12:57Je voudrais essayer de répondre à cette question en deux temps.
13:00Premier temps, c'est quels sont les droits fondamentaux,
13:05les droits constitutionnels du défunt dont nous parlons ?
13:08Le premier droit qui est visé, c'est celui de la vie privée.
13:12Je ne suis pas sûr que ce soit le plus adéquat.

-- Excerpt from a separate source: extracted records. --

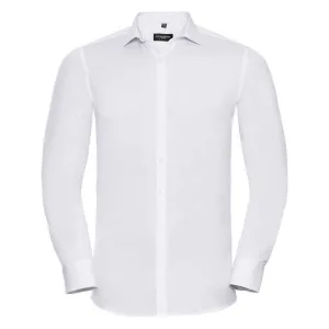 Russell Collection Heren Ultimate Stretch Formeel Overhemd met Lange Mouwen (Wit)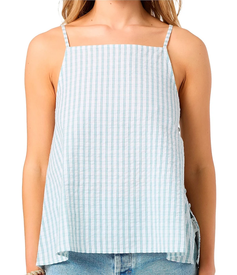 From O'Neill, this tank top features: Plaid design Square neckline Sleeveless Spaghetti straps Pullover styling Buttoned panel at the side seam with modesty placket Woven yarn-dyed cotton seersucker Machine wash/tumble dry Imported.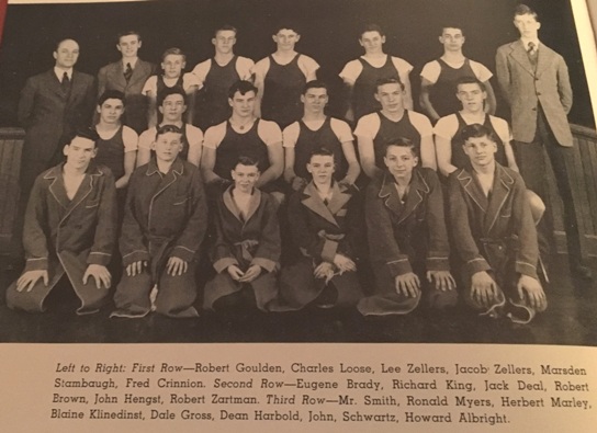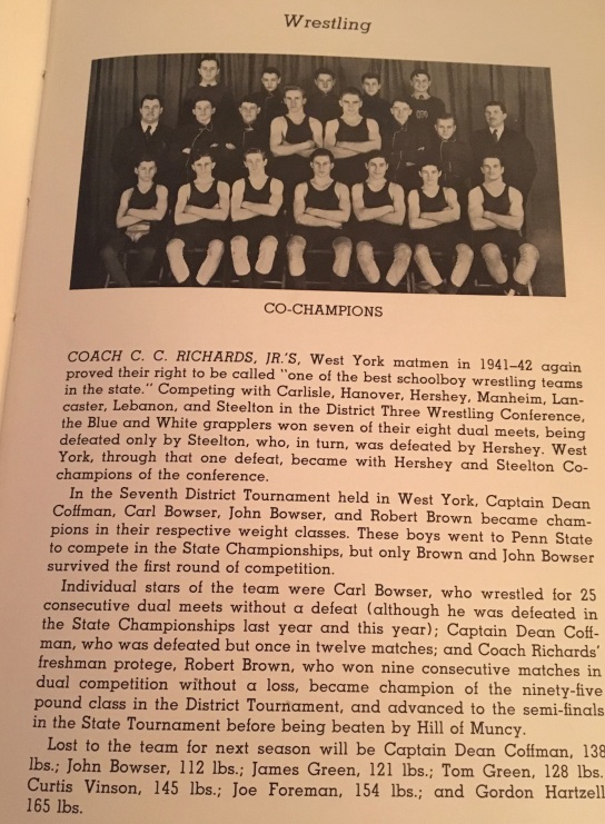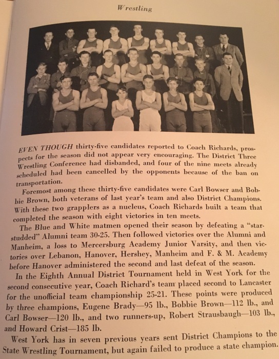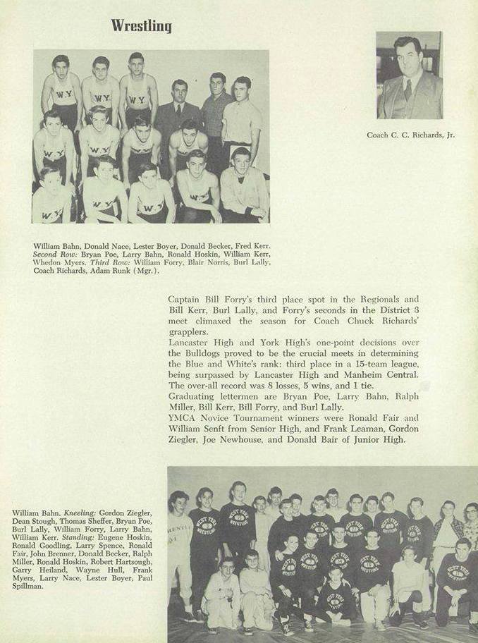 AN ALUMNI WEBSITE LOOK BACK... "A Wrestler must LIVE Wrestling!" ▪▪ Paul C. McCleary's Wrestling Shoes... & West York Wrestling Robe from 1948. 1940's WEST YORK WRESTLING w/Paul C. McCleary & Whedon Myers submitted by K.C. McCleary, Pat McCleary & Kyle Miller 1940's West York Wrestling ![]() Coach Charles C. Richards, Jr. ![]() Coach Chuck Richards (138-111-7) 1941-42 West York Wrestling ![]() 1942-43 West York Wrestling ![]() 1943-44 West York Wrestling ![]() 1944-45 West York Wrestling ![]() 1945-46 West York Wrestling ![]() 1946-47 West York Wrestling ▪ West York's Paul C. McCleary is seated left - 2nd Row...(no shirt) West York HS Coach - Chuck Richards, is far right - 3rd row. • Other WY'ers in above photo include... Lee Zellers, Leon Senft, Herb Marley, Johnny Schwartz, Dean Harbold, William Grimmon, Robert Grube, John Smith, Herb Schmidt, Robert King & Paul Brodbeck. (Varsity) • 1947 PIAA State Wrestling 165lb. Finals Frank Rich (Lock Haven) dec. Robert King (West York) 2-0. 1947-48 West York Wrestling ▪ West York's Paul C. McCleary is seated far left - 2nd Row... West York HS Coach - Chuck Richards, is far right - 4th row. •• Other WY'ers in above photo include... Lee Zellers, Jake Zellers, R. Barley, Leon Senft, Herb Marley, Dean Harbold, Ault, Gross, Bob Grube, Stambaugh, Herb Schmidt & Nolan Hengst. (Varsity) WEST YORK YEARBOOK '48 ![]() 1948-49 West York Wrestling Front Row (L-R) Edgar Swartz, Gene Wise, Llewellyn Miller, Dale Bahn, Leon Senft, Paul C. McCleary, Lynn Harbold, Mark Reeves. 2nd Row (L-R) Russell Aldinger, John Bare, Wayne Miller, Elvin Clark, Glenn Miller, Philip Hoover, Austin Edgington, Richard Barley, David Hoover. ▪ The 3rd Row (L-R) ... Nolan Hengst, Donald Becker, Charles Smith, William Zech, Lester Mollison, Donald Nace, William Aldinger, Donald Rudisill. ▪ The 4th Row (L-R) ... Coach Chuck Richards, Harlan Mummert, Wilbur Klinedinst, Robert Miller, Jack Hayes, Gene Kessler, Whedon Myers. West York HS Coach - Chuck Richards, is far left - 4th row. Paul C. McCleary, Jr. above photos submitted by K.C. McCleary, Pat McCleary & Kyle Miller

13:15Je crois qu'il y a une jurisprudence très claire de la Cour de cassation
13:19sur le fait que, par hypothèse, le droit à la vie privée prend fin avec la vie.

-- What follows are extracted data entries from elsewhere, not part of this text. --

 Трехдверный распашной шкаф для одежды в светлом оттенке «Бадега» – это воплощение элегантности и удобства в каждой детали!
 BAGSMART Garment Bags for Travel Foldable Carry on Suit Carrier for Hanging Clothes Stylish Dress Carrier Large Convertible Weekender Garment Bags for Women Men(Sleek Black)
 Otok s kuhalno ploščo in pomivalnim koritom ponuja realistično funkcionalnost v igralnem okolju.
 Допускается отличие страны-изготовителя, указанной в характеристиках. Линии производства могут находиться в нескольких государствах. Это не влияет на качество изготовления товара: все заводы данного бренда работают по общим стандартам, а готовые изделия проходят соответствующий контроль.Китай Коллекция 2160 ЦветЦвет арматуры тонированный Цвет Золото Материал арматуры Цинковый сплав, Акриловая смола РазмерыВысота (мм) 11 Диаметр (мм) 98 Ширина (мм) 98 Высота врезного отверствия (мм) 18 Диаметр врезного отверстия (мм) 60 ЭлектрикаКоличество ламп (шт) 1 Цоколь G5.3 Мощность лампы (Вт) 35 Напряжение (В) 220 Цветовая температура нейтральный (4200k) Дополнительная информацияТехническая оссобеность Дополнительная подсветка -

13:24Le droit à la vie privée est antinomique avec la mort.
13:28Je crois qu'en réalité, et c'est d'ailleurs sur ce terrain que se place plus spécialement le requérant,
13:34ce qui est en cause, et il n'est pas question de le nier ici, c'est le droit à la dignité.

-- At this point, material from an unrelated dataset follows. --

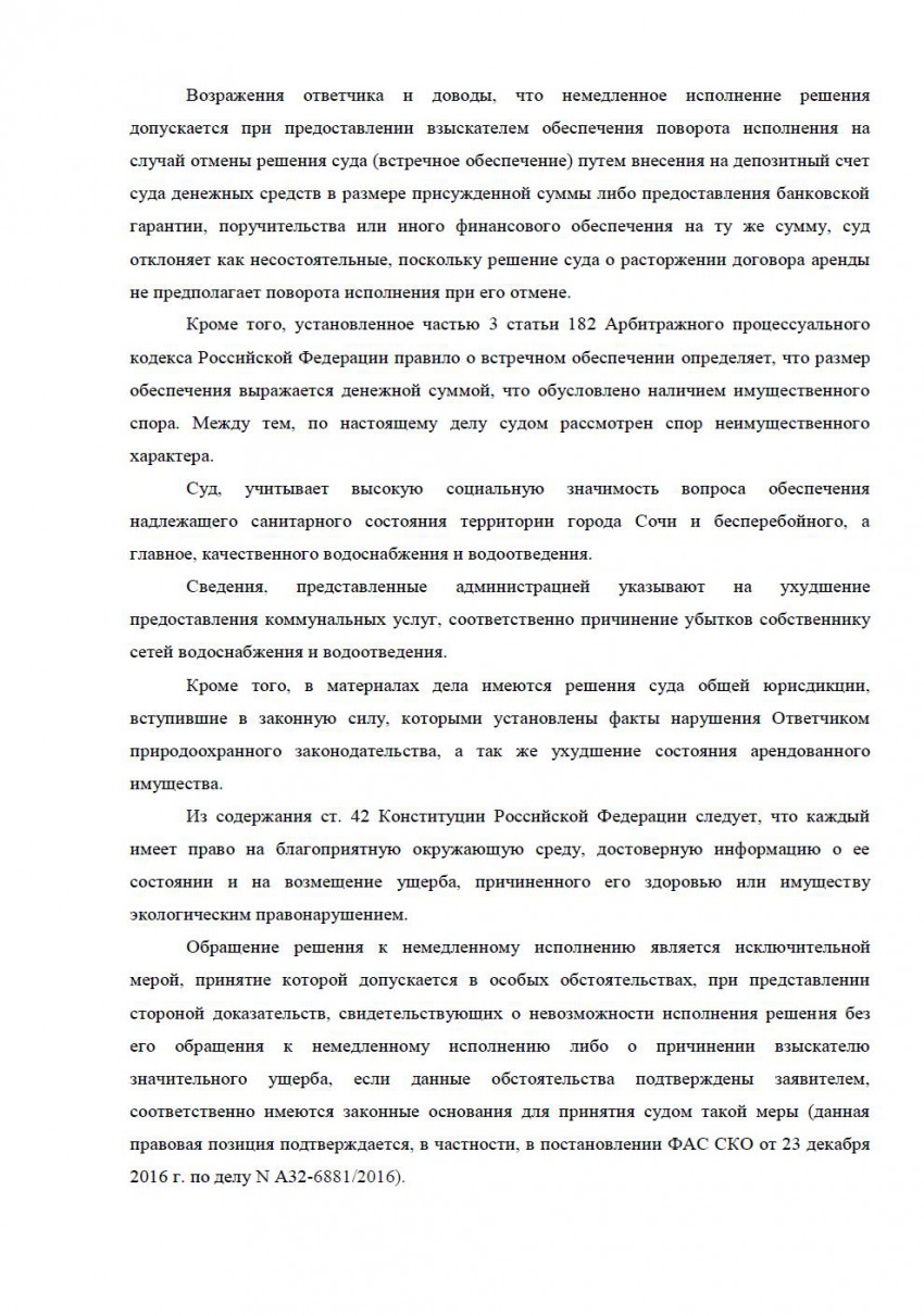 Тяжбы по делу шли с 2015 года. Сегодня в Краснодаре арбитражным краевым судом принято окончательное решение о расторжении договора аренды на имущество с ООО «Сочиводоканал». Все имущество должно быть безотлагательно возвращено муниципалитету.

13:38Droit à la dignité qui impose le respect, vous l'avez jugé il y a peu,
13:42le respect dû à la personne humaine.
13:44Et c'est de ce respect dû à la personne humaine qu'on déduit le droit de choisir sa sépulture
13:50puisque c'est bien ce qui est en cause ici, le droit à choisir sa sépulture.
13:54Ce droit à choisir sa sépulture, il doit être concilié avec les exigences,
14:00les impératifs d'ordre public et les exigences sanitaires.
14:04C'est pourquoi ce droit à la sépulture n'est pas absolu.
14:07D'abord, il est limité, j'allais dire matériellement.
14:10Il n'y a, dans notre système juridique, que deux sépultures, l'inhumation, la crémation
14:16et ceux qui se sont essayés à d'autres types de sépultures, telles la cryogénisation, ont échoué.
14:22Il y a ensuite un droit à la sépulture qui est encadré géographiquement,
14:26communément dans les cimetières, même si on peut avoir quelques inhumations,
14:29exceptionnellement ailleurs.
14:31Et puis il y a un cadre temporel à la sépulture,
14:35cadre temporel qui peut passer par deux dispositifs,
14:38soit des concessions contre une redevance d'occupation du domaine public
14:42avec un renouvellement pour une durée limitée,
14:45soit l'inhumation dans ce terrain commun, dans le carré des indigents,
14:51qui voit un régime juridique spécifique dans lequel la commune, au bout de 5 ans,
14:57exerce un droit de reprise sur la sépulture.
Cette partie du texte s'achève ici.